Connections tab

Use the Connections tab of the Web > Policy Management > Policies page for any policy to define:

The source IP addresses (proxied connections) assigned to the selected policy (see Proxied connections)

Destination domains and IP addresses that users assigned this policy can access without going through the cloud service (see Proxy bypass)

Proxied connections

Most organizations have at least one proxied connection configured per policy. The proxied connection address is used to identify traffic from your organization's egress IP address and, by default, apply the policy to that traffic.

Proxied connections:

Are public-facing IP addresses, IP address ranges, or IP subnets for offices in your organization using the cloud service.

Are often the external address of your Network Address Translation (NAT) firewall.

May be appliances or edge devices configured on the Web > Settings > Network Devices page.

Could include branch offices, remote sites, or satellite campuses.

Proxied connections are NOT:

IP addresses of individual client machines.

IP addresses outside your organization.

If you have several points of presence on the Internet, you can combine all of these under one policy, or have separate policies for each public-facing IP address.


	Note If you do not add any proxied connections to the policy, all users are treated as remote and must authenticate to use the service. In this case, the policy they use is determined by their email domain. They see a service-wide Remote User Welcome page that is not configurable. Once logged on, they are served configurable notification pages from the customer account.

To add a proxied connection:

Click Add under the Proxied Connections table.

In the Add Proxied Connection dialog box, enter a unique Name and helpful Description for the connection.

Specify the connection Type, then enter the Address (single IP address), Subnet, or Range.

Select the Time zone for this connection.

If you have a single policy for multiple Internet gateways in different countries, you may want to set each to a different time zone. If all connections are in the same time zone, it is easier to set the time zone for the complete policy (see Time zone) and select the "use policy time zone" option.

Daylight saving time is supported where valid on all time zones except GMT and UTC, which are static.

Optionally, mark the Override Google redirect behavior checkbox, then determine which override option to use.

By default, Google redirects browsers to the appropriate site for the country it detects (for example, google.fr for France). Sometimes this is not accurate (for example, if end users browse through a cloud proxy in a different country).

The Google redirect setting for the connection takes precedence over the setting for the policy (see User and group exceptions for time-based access control). If you do not configure Google settings for the connection, the policy-level, if any, are used.

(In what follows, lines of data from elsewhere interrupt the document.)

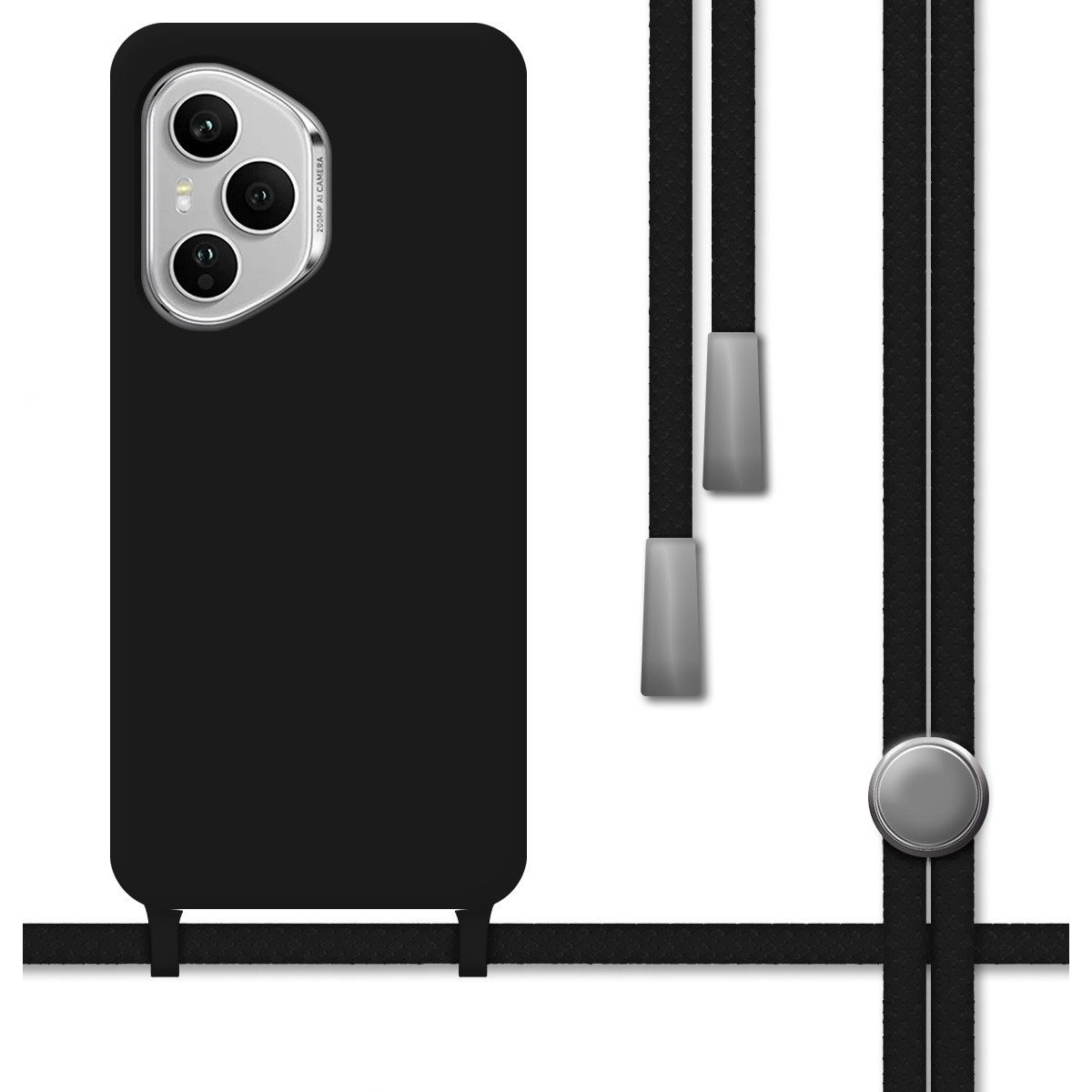 Funda Silicona Líquida con Cordón para Huawei Honor 400 Pro 5G color Negra
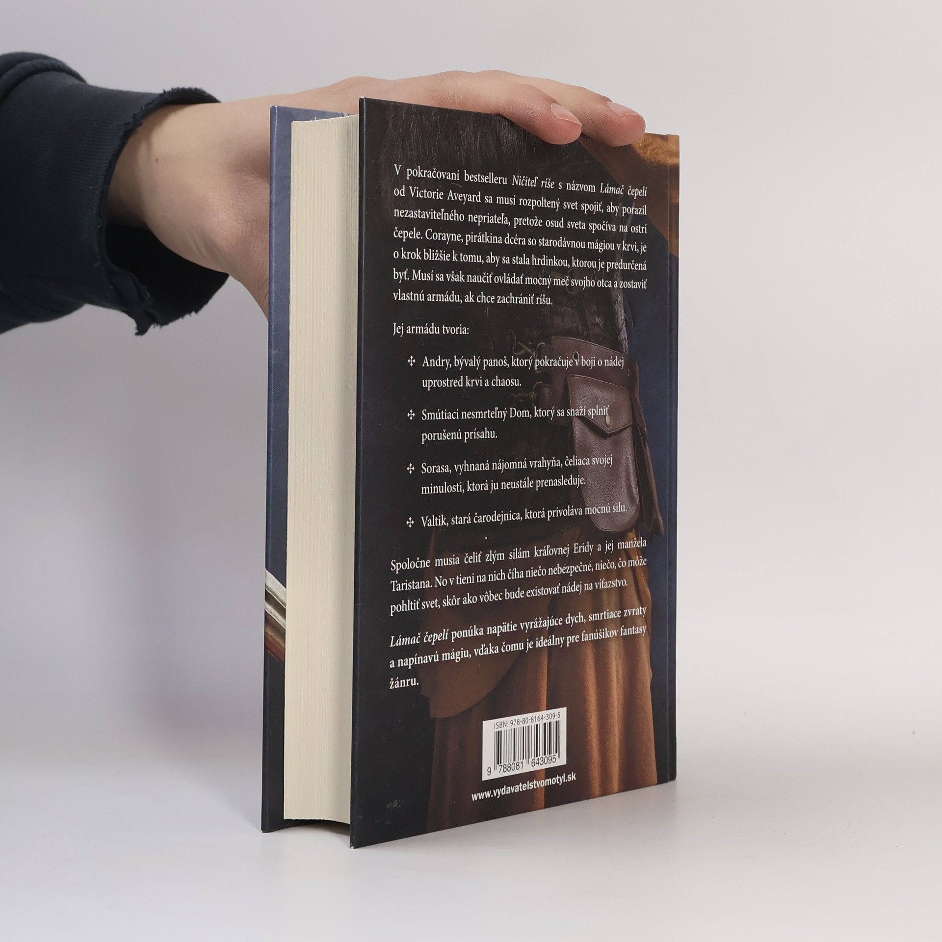 V pokračovaní bestselleru Ničiteľ ríše s názvom Lámač čepelí od Victorie Aveyard musí rozpoltený svet spojiť svoje sily, aby porazil nezastaviteľného nepriateľa, pretože osud sveta spočíva na ostrí čepele. Corayne, pirátkina dcéra so starodávnou mágiou v krvi, je o krok bližšie k tomu, aby sa stala hrdinkou, ktorou je predurčená byť. Musí sa však naučiť ovládať mocný meč svojho otca a zostaviť vlastnú armádu, ak chce zachrániť ríšu.Jej armádu tvoria:Andry, bývalý panoš, ktorý pokračuje v boji o nádej uprostred krvi a chaosu.Smútiaci nesmrteľný Dom, ktorý sa snaží splniť porušenú prísahu.Sorasa, vyhnaná nájomná vrahyňa, čeliaca svojej minulosti, ktorá ju neustále prenasleduje.Valtik, stará čarodejnica, ktorá privoláva mocnú silu.Spoločne musia čeliť zlým silám kráľovnej Eridy a jej manžela Taristana. No v tieni na nich číha niečo nebezpečné, niečo, čo môže pohltiť svet, skôr ako vôbec bude existovať nádej na víťazstvo.Lámač čepelí ponúka napätie vyrážajúce dych, smrtiace zvraty a napínavú mágiu, vďaka čomu je ideálny pre fanúšikov fantasy žánru.
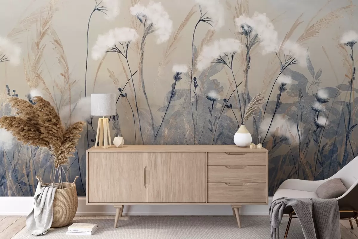 Wall murals Fluffy white cotton grass against a blurred textural background, with a soft, hazy, and serene atmosphere Nr. w08416
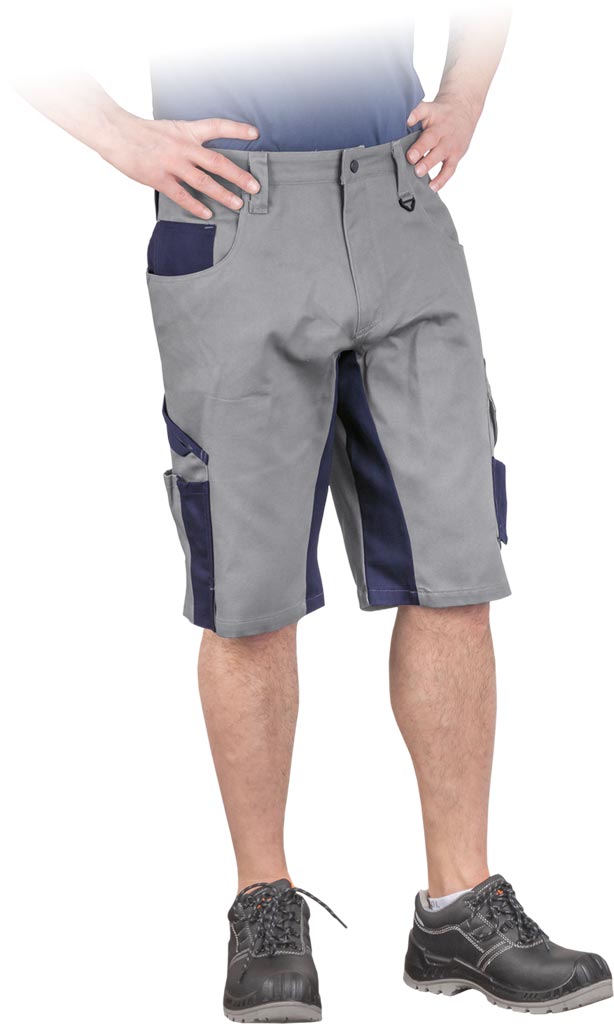 Krótkie spodnie ochronne POND, idealne na ciepłe dni. 100% bawełna, mnóstwo funkcjonalnych kieszeni, klips na klucze.
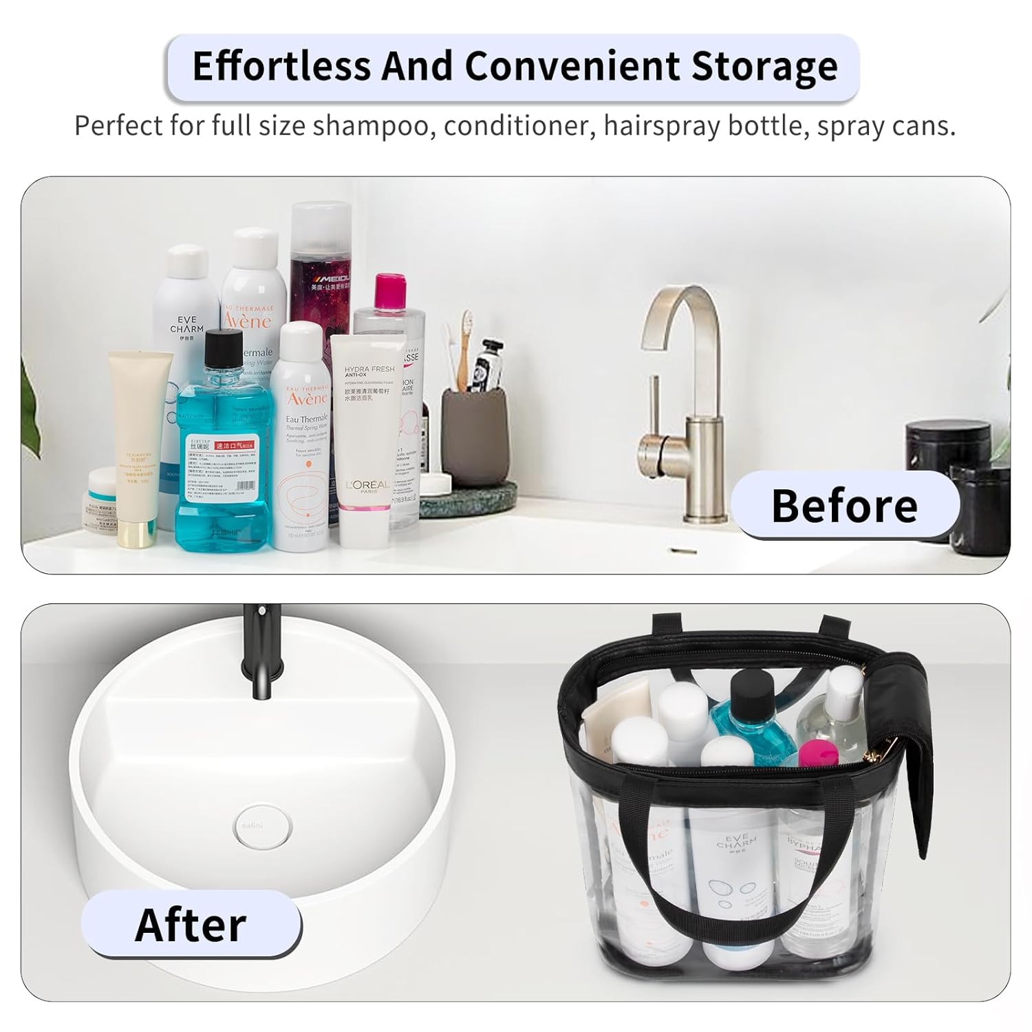- 【Large Capacity】Size of clear toiletry bag is 8.3*5.3*10.6 inch, enough for hold your travel essentials and daily necessities, including full-size shampoo bottles, conditioner, spray cans, hairspray, body wash, shaver, toothbrush, comb, towel, cosmetics and more.

This feature requires that you enable SSL decryption for the Search Engines and Portals category on the Web Categories tab (see Managing categories, actions, and SSL decryption), and install the Forcepoint root certificate on end user machines. If you mark the checkbox without enabling SSL decryption, a warning appears.

The available options are:

Ensure requests for google.com are not redirected, which prevents Google from redirecting to a local country site when the end user enters "google.com"

Redirect requests for google.com to, which ensures all google.com requests are redirected to a local country site of your choice. Enter the country code in the text field (for example, fr for google.fr, or co.uk for google.co.uk).

Click Continue to save your change and return to the Connections tab.

Proxy bypass

Proxy bypass sites are destinations that users can access either directly, or through an alternate (third-party) proxy, without going through the cloud service. For example, organizational webmail sites and system traffic, like Microsoft and antivirus updates, should be added to the bypass list.

For users with the Neo or Direct Connect endpoint, bypass destinations are not analyzed by the cloud service.

For users whose traffic is sent to the cloud service via PAC file, including users of the Proxy Connect endpoint, bypass destinations are added to the policy PAC file.

By default, the PAC file excludes all non-routable and multicast IP address ranges; so if you are using private IP address ranges defined in RFC 1918 or RFC 3330, you need not enter these.

Browsers configured to use the policy's PAC file automatically use the cloud service, but bypass it for the specified destinations.

Any destinations that you add to the Proxy Bypass table apply only to the selected policy. To add bypass destinations that apply to all policies, use Proxy Bypass tab of the Web > Settings > Bypass Settings page.

To define bypass destinations:

Click Add under the Proxy Bypass table.

In the Add Proxy Bypass dialog box, enter a unique Name and helpful Description for the destination.

Specify the destination Type, then enter the Address (single IP address), Subnet, or Domain.

If traffic to the specified destination is managed by a third-party proxy, mark the Send traffic to another proxy check box, then enter the proxy IP address or hostname in the field provided.


	Important The alternate proxy specified here must not be another Forcepoint proxy.

Use the optional Comment box to add helpful information, such as why the entry was created.

Click Continue to save your changes and return to the Connections page.


	Note You can add a total of 1000 proxy bypass destinations per policy. Account-level bypass destinations (added via Web > Proxy Bypass) count towards this limit for each policy. For example, if your policy has 10 bypass destinations, and you have 10 account-level bypass destinations, this is counted as a total of 20 destinations for the policy.